### Activity
Find the line below with "कलासाहित्य-यात्रा, जाजरकोट, २०७३". Print it and every line after it exactly, through the last line, leaving out the pictures.

### Supplied information
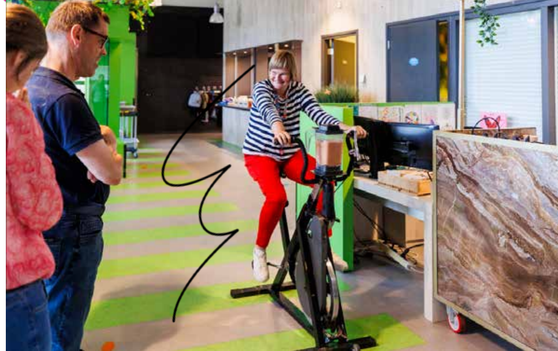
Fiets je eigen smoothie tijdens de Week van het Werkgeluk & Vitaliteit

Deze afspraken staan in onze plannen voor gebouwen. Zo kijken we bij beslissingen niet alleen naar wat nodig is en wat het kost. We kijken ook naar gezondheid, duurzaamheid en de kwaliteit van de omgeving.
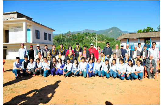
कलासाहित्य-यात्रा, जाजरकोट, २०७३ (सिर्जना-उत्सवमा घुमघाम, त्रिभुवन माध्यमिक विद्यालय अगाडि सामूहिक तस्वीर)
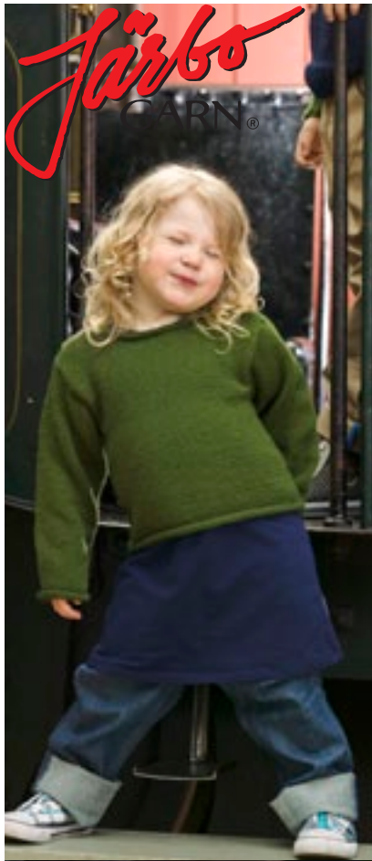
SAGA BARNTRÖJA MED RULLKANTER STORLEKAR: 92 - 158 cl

### Exercise solution
कलासाहित्य-यात्रा, जाजरकोट, २०७३ (सिर्जना-उत्सवमा घुमघाम, त्रिभुवन माध्यमिक विद्यालय अगाडि सामूहिक तस्वीर)
SAGA BARNTRÖJA MED RULLKANTER STORLEKAR: 92 - 158 cl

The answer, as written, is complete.